• [Activity] Each line below from the line with "石家庄跑友在石家庄裕彤国际体育中心参加线上跑步活动" to the line with "I placed the" must be copied exactly, including those two, and no picture may appear in the copy.

• [Exercise input]
- - - -
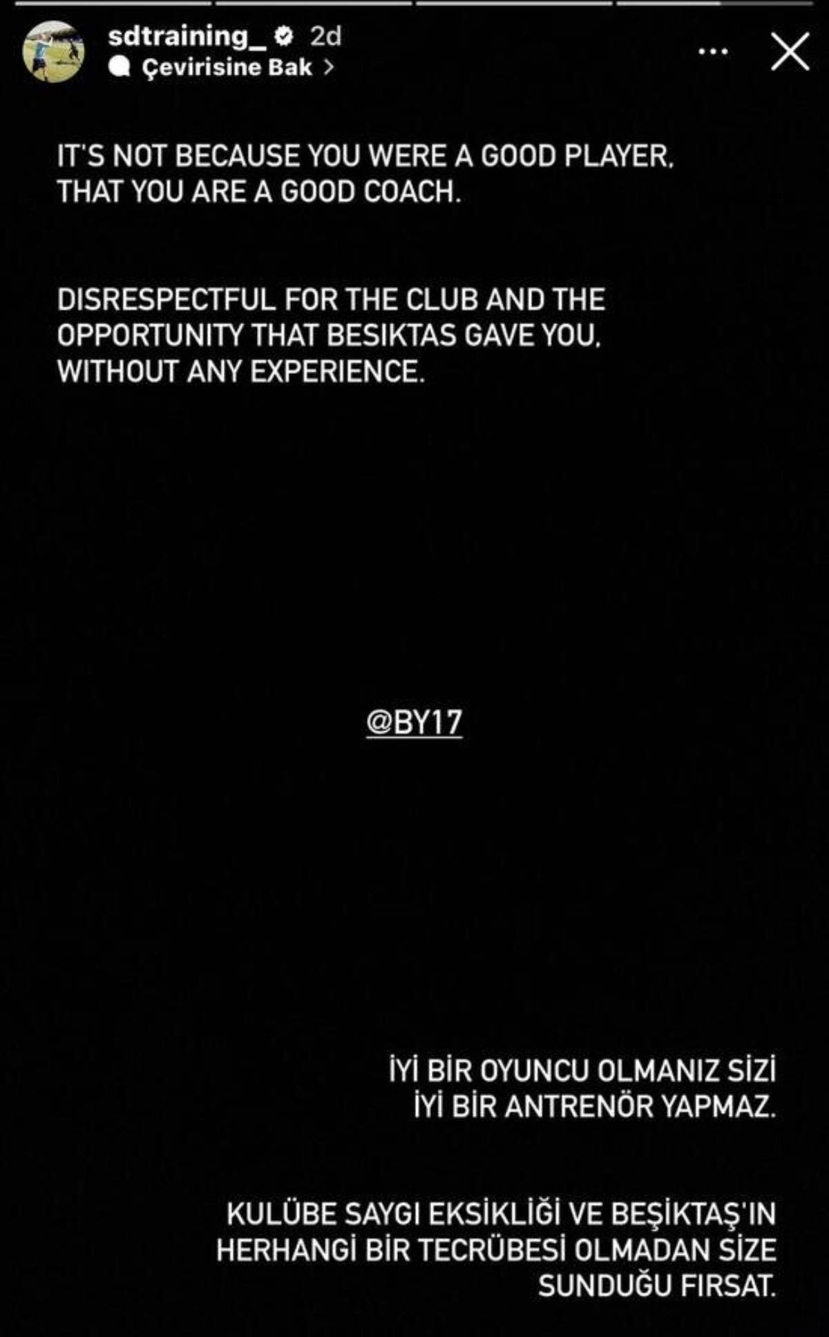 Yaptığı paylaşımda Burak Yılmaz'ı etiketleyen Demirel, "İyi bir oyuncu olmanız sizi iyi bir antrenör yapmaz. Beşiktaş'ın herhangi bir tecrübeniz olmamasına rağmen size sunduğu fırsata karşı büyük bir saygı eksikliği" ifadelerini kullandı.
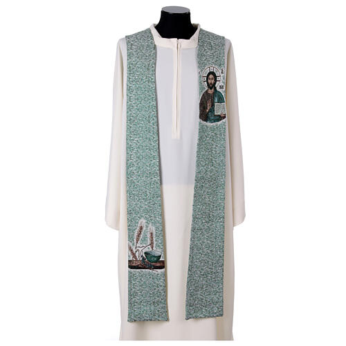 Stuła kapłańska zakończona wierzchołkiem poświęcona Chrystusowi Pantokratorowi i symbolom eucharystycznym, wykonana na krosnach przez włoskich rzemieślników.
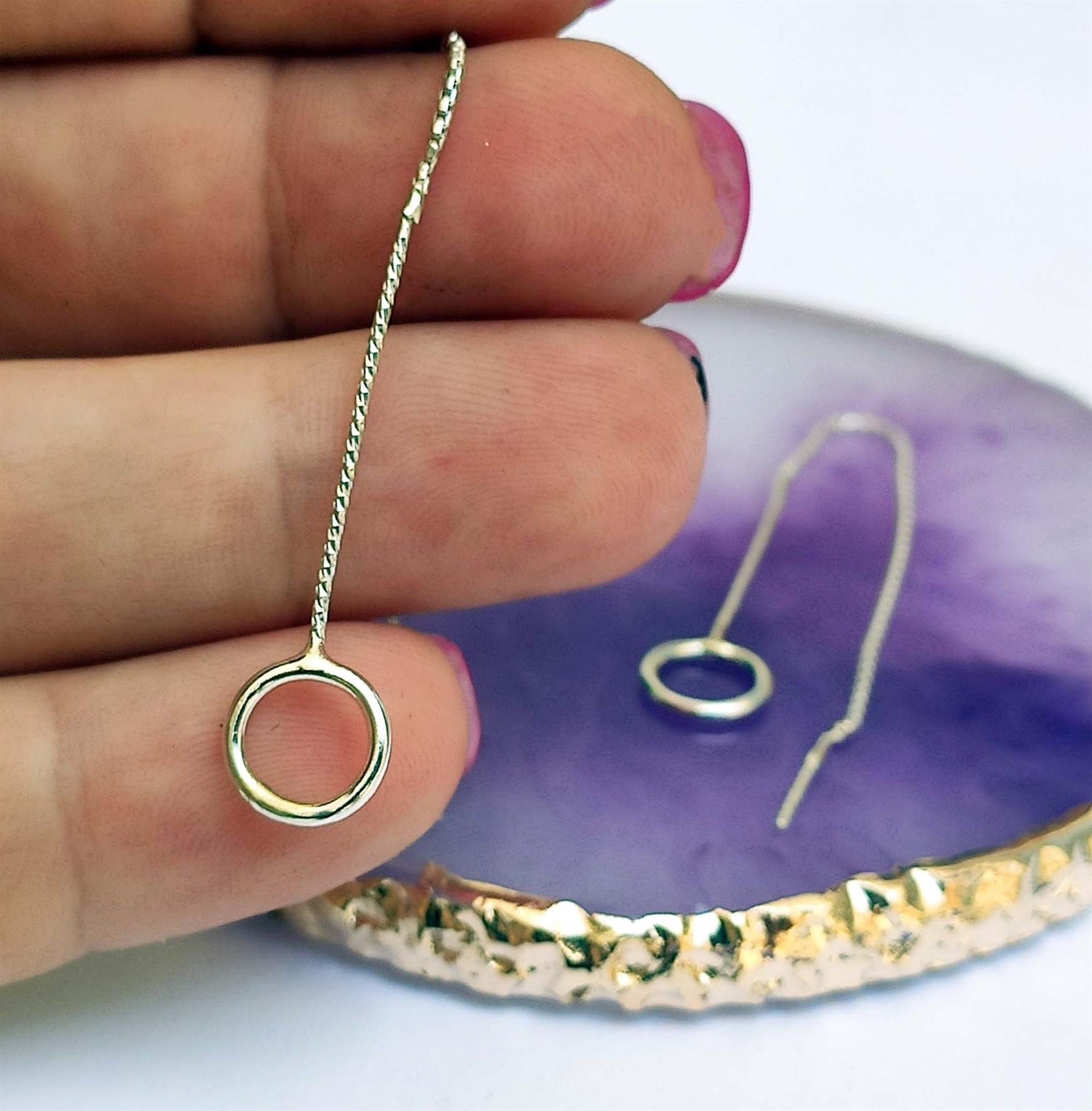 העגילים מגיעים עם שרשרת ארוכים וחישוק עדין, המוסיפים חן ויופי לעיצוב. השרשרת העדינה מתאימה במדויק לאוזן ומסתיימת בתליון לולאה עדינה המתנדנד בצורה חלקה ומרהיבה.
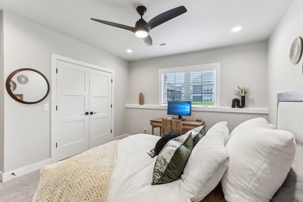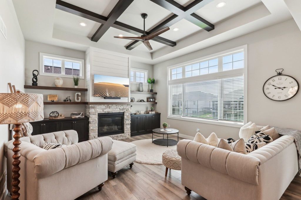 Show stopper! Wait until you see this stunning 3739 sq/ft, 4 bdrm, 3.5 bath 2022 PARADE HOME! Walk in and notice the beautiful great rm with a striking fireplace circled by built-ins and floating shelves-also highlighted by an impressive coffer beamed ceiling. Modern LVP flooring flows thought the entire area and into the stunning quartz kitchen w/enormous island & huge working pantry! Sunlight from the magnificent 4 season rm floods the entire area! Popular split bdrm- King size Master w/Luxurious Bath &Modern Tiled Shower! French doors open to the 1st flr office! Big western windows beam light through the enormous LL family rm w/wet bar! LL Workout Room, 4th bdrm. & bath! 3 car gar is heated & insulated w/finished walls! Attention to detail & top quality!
- - - -
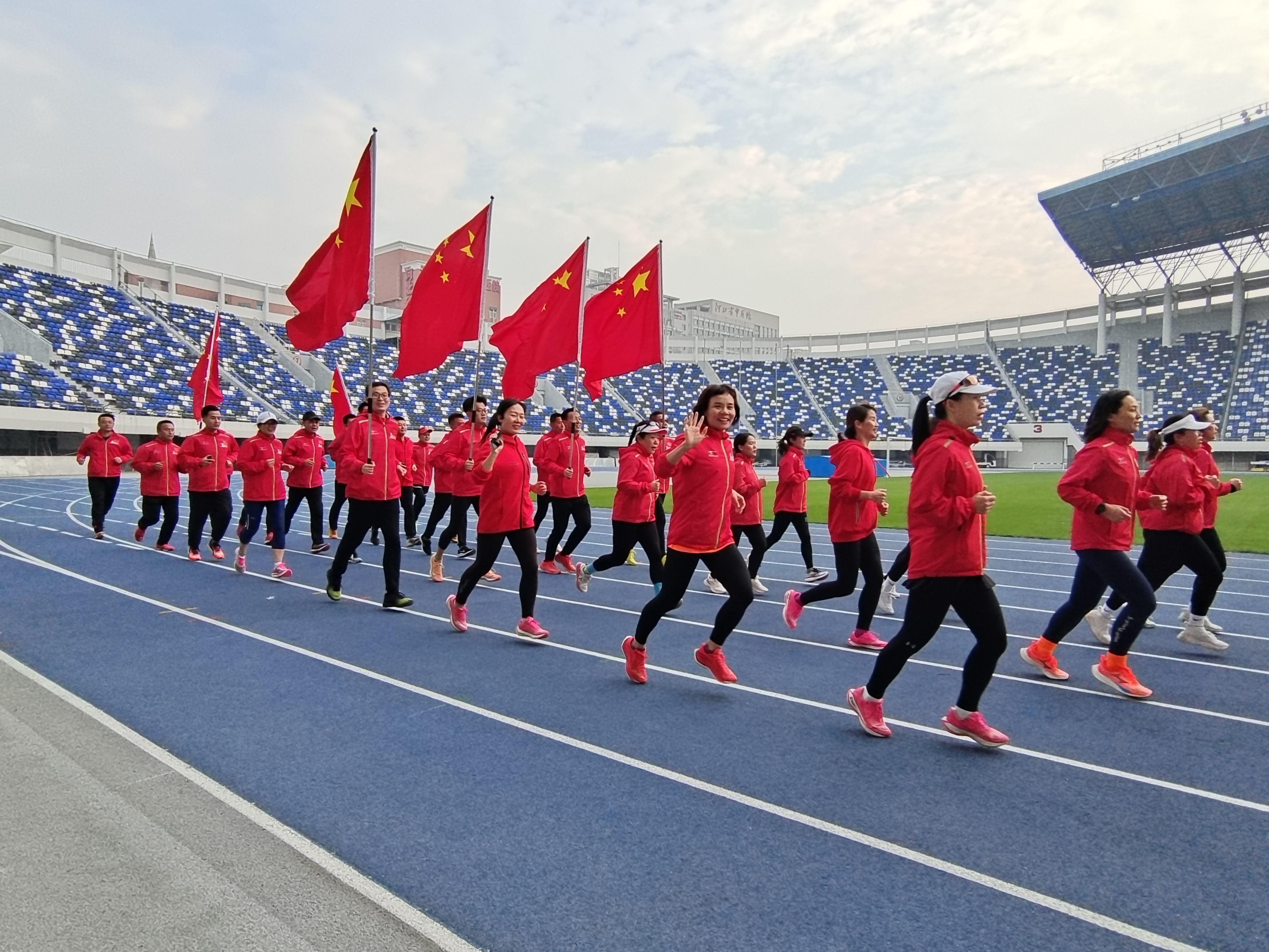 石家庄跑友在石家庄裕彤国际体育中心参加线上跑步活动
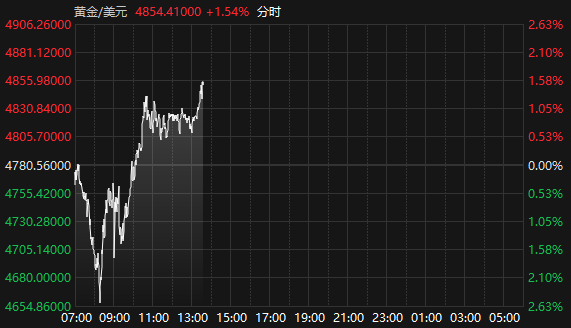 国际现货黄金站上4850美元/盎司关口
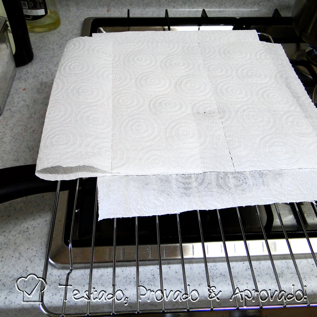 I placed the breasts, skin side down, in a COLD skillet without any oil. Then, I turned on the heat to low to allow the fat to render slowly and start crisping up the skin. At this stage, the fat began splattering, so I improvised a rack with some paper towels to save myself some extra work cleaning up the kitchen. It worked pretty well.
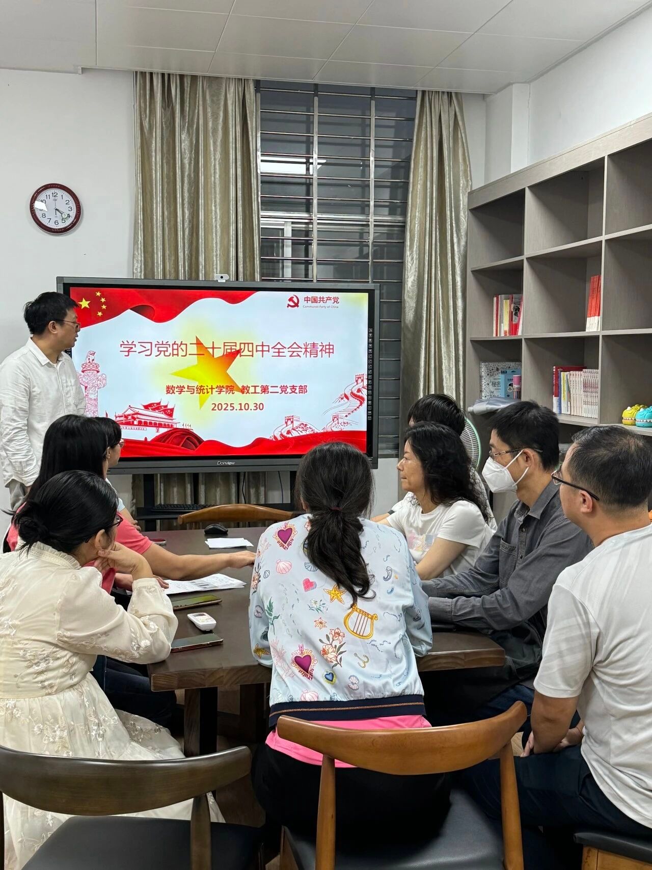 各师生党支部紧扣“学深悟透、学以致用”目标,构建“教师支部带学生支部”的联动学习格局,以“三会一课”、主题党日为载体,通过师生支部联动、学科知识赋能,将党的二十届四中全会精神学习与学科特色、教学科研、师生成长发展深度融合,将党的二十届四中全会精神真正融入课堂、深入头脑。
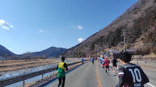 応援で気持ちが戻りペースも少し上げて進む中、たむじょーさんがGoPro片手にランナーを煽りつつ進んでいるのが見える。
- - - -
• [Exercise solution]
 石家庄跑友在石家庄裕彤国际体育中心参加线上跑步活动
 国际现货黄金站上4850美元/盎司关口
 I placed the breasts, skin side down, in a COLD skillet without any oil. Then, I turned on the heat to low to allow the fat to render slowly and start crisping up the skin. At this stage, the fat began splattering, so I improvised a rack with some paper towels to save myself some extra work cleaning up the kitchen. It worked pretty well.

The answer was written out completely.